▶ **What needs to be done**: Nothing but the lines from the one containing "This folding table" through the last line of the records below should be copied, exactly and without pictures.

*** The input Section Begins ***

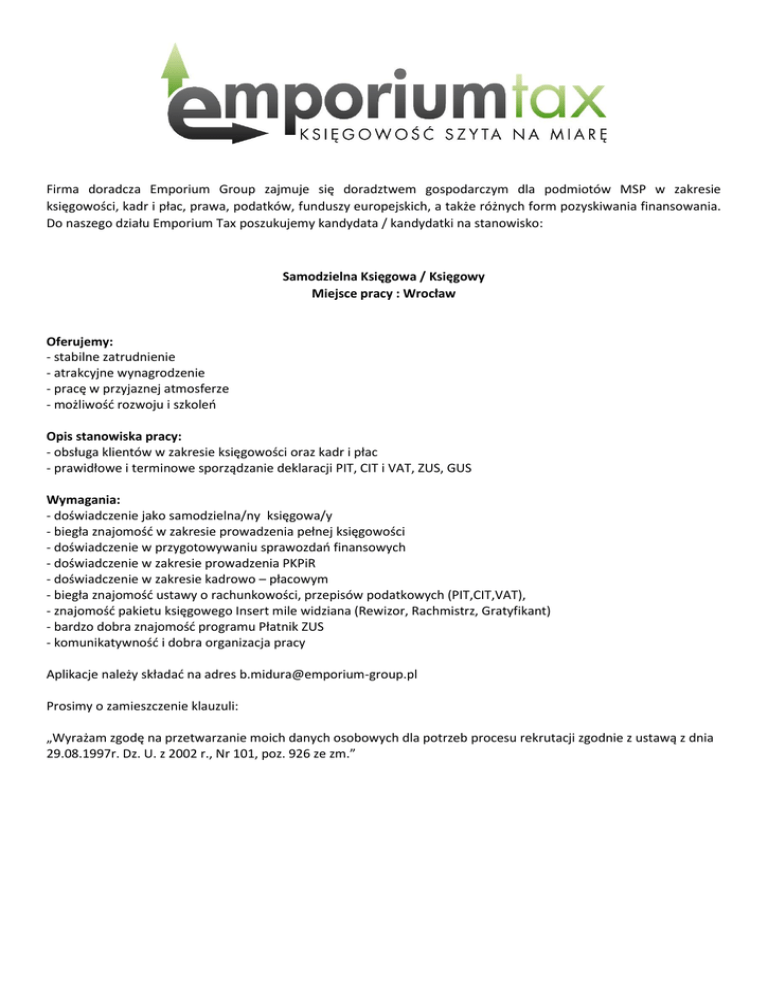 Firma doradcza Emporium Group zajmuje się doradztwem gospodarczym dla podmiotów MSP w zakresie księgowości, kadr i płac, prawa, podatków, funduszy europejskich, a także różnych form pozyskiwania finansowania. Do naszego działu Emporium Tax poszukujemy kandydata / kandydatki na stanowisko: Samodzielna Księgowa / Księgowy Miejsce pracy : Wrocław Oferujemy: - stabilne zatrudnienie - atrakcyjne wynagrodzenie - pracę w przyjaznej atmosferze - możliwość rozwoju i szkoleń Opis stanowiska pracy: - obsługa klientów w zakresie księgowości oraz kadr i płac - prawidłowe i terminowe sporządzanie deklaracji PIT, CIT i VAT, ZUS, GUS Wymagania: - doświadczenie jako samodzielna/ny księgowa/y - biegła znajomość w zakresie prowadzenia pełnej księgowości - doświadczenie w przygotowywaniu sprawozdań finansowych - doświadczenie w zakresie prowadzenia PKPiR - doświadczenie w zakresie kadrowo – płacowym - biegła znajomość ustawy o rachunkowości, przepisów podatkowych (PIT,CIT,VAT), - znajomość pakietu księgowego Insert mile widziana (Rewizor, Rachmistrz, Gratyfikant) - bardzo dobra znajomość programu Płatnik ZUS - komunikatywność i dobra organizacja pracy Aplikacje należy składać na adres [email protected] Prosimy o zamieszczenie klauzuli: „Wyrażam zgodę na przetwarzanie moich danych osobowych dla potrzeb procesu rekrutacji zgodnie z ustawą z dnia 29.08.1997r. Dz. U. z 2002 r., Nr 101, poz. 926 ze zm.”
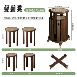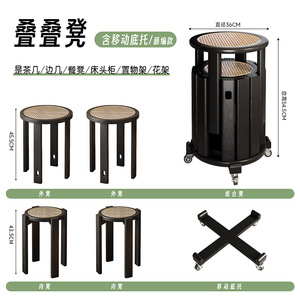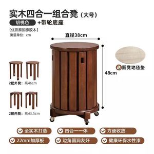 ブラックラウンド大型モバイルモデル[4つのスツールは積み重ね可能、すべて無垢材]
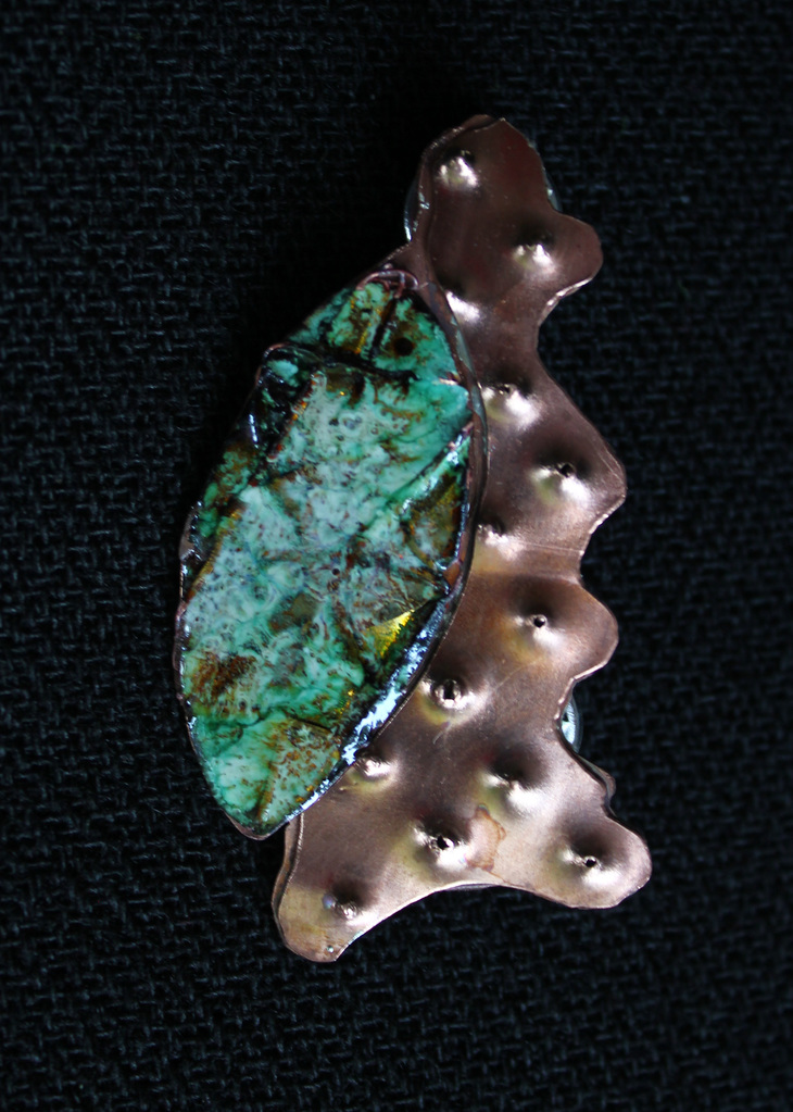 Emaille met kleuren, gelegd op bewerkt koper
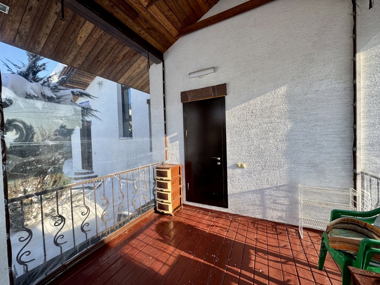 Два входа с двойными дверями обеспечивают хорошую тепло- и шумоизоляцию. Есть веранда с покрытием жидкое стекло.
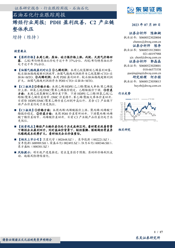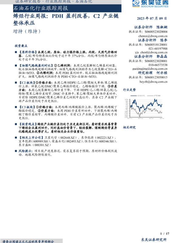【东吴证券】【20230709】20230709-东吴证券-烯烃行业周报:PDH盈利改善,C2产业链整体承压-17页
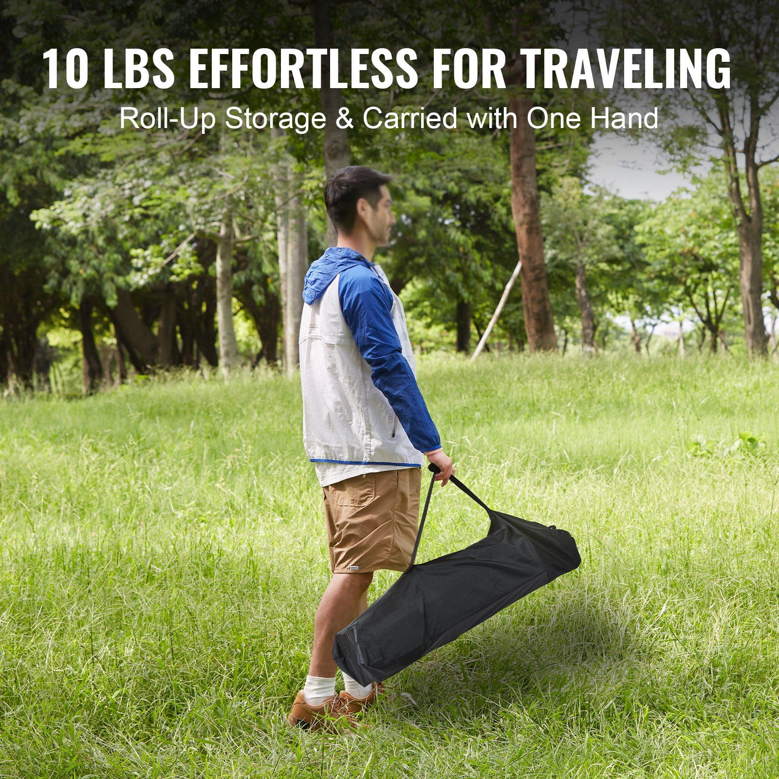 This folding table weighs only 10 lbs, making it effortless to carry with just one hand. Its smart folding design makes storage a breeze, occupying minimal space in your vehicle and providing you with endless convenience.
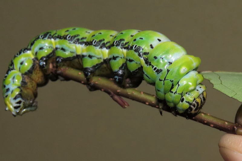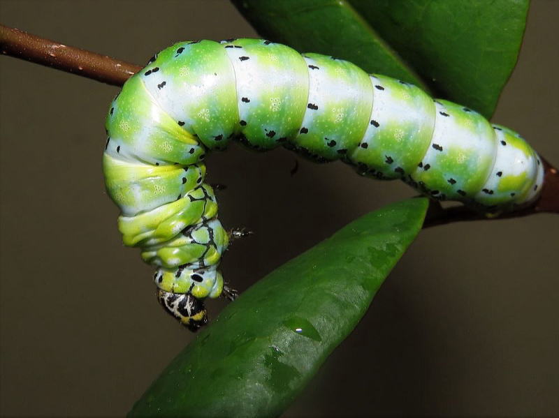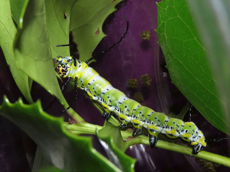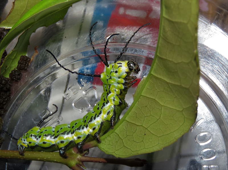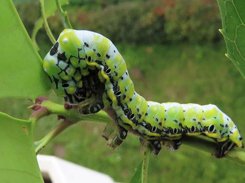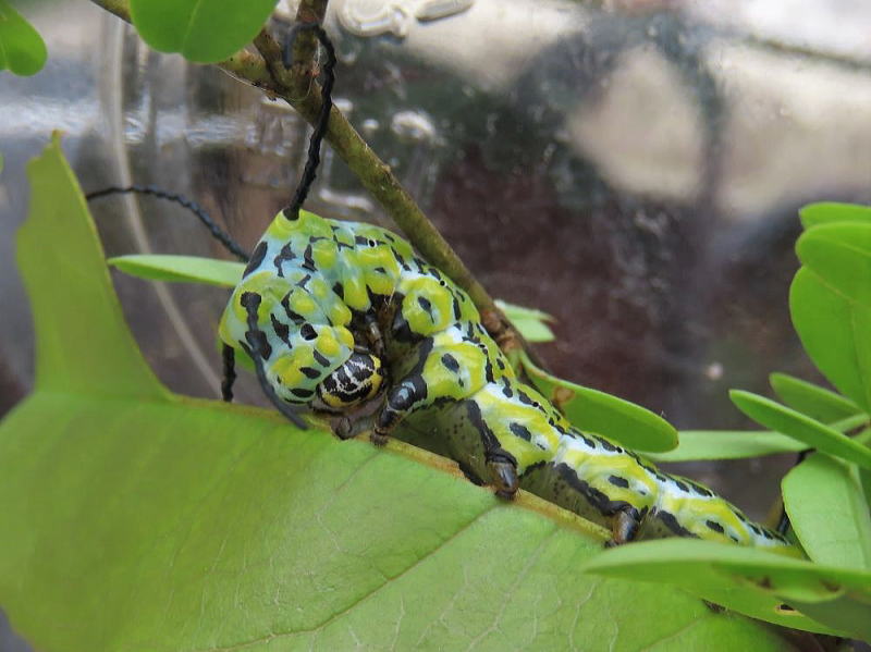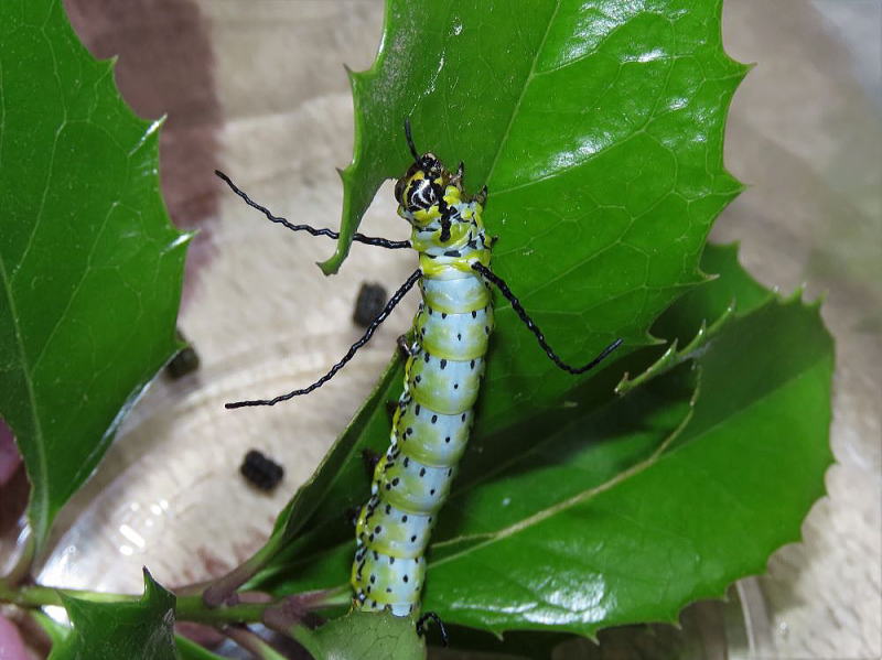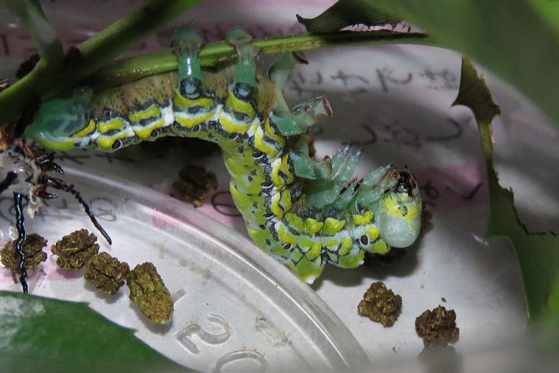もう4齢っぽい。 幼虫での確保は寄生のリスクが高いけど、8年ぶりなので無事にいってほしい。 前回は蛹までいったけど、羽化させられなかったから… 来年、確保場所へ行って、卵を見つけようと考えている。 ところで、我が家近辺にはイボタの木はない。 2012年はキンモクセイでやったけど、落ちる個体がたくさんいたので今回はヒイラギでやってみる。 なつさんがイボタを少し確保してくれたので、イボタ・ヒイラギ・ネズミモチでとりあえず1匹ずつ管理してみようか。 |

*** The input Section Ends ***

▶ **Finished task**:
 This folding table weighs only 10 lbs, making it effortless to carry with just one hand. Its smart folding design makes storage a breeze, occupying minimal space in your vehicle and providing you with endless convenience.
もう4齢っぽい。 幼虫での確保は寄生のリスクが高いけど、8年ぶりなので無事にいってほしい。 前回は蛹までいったけど、羽化させられなかったから… 来年、確保場所へ行って、卵を見つけようと考えている。 ところで、我が家近辺にはイボタの木はない。 2012年はキンモクセイでやったけど、落ちる個体がたくさんいたので今回はヒイラギでやってみる。 なつさんがイボタを少し確保してくれたので、イボタ・ヒイラギ・ネズミモチでとりあえず1匹ずつ管理してみようか。 |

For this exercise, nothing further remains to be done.